[RAW DATA]
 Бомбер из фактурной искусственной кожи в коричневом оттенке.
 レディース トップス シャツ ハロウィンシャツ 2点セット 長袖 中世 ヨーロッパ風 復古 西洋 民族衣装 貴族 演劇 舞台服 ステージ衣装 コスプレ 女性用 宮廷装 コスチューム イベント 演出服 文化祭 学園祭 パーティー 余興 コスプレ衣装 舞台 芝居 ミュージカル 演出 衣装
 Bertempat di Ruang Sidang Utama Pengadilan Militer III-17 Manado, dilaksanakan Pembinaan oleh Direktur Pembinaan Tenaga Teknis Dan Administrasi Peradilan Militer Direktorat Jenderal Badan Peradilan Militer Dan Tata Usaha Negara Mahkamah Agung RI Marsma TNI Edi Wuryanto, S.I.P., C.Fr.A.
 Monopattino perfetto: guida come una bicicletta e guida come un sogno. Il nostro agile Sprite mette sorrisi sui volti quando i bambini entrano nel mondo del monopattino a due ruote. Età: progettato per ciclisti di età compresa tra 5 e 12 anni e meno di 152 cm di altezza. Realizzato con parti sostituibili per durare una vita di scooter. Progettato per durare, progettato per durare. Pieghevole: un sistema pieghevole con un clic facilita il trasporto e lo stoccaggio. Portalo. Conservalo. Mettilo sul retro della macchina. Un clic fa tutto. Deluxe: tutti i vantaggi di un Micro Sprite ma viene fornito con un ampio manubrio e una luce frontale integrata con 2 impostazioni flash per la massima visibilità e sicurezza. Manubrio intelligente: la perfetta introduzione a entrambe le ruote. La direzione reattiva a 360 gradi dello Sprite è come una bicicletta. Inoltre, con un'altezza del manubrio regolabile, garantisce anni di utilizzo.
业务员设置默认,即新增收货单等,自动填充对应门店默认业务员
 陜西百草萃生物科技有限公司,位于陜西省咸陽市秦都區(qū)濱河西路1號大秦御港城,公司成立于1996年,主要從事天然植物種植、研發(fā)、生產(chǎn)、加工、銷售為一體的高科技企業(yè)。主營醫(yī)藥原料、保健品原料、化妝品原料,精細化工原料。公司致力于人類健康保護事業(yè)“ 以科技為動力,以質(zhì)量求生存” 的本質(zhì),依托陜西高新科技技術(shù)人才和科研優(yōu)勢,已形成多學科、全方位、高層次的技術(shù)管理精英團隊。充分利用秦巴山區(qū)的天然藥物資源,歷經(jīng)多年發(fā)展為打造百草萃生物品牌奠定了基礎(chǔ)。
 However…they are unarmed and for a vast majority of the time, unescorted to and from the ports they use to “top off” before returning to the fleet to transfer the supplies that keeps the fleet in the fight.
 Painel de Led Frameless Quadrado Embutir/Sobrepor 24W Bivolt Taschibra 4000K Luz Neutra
[/RAW DATA]
Up to and including the line with "Bertempat di Ruang", reproduce the material above exactly as it appears, starting from its first line.

§ COMPLETED EXERCISE:
 Бомбер из фактурной искусственной кожи в коричневом оттенке.
 レディース トップス シャツ ハロウィンシャツ 2点セット 長袖 中世 ヨーロッパ風 復古 西洋 民族衣装 貴族 演劇 舞台服 ステージ衣装 コスプレ 女性用 宮廷装 コスチューム イベント 演出服 文化祭 学園祭 パーティー 余興 コスプレ衣装 舞台 芝居 ミュージカル 演出 衣装
 Bertempat di Ruang Sidang Utama Pengadilan Militer III-17 Manado, dilaksanakan Pembinaan oleh Direktur Pembinaan Tenaga Teknis Dan Administrasi Peradilan Militer Direktorat Jenderal Badan Peradilan Militer Dan Tata Usaha Negara Mahkamah Agung RI Marsma TNI Edi Wuryanto, S.I.P., C.Fr.A.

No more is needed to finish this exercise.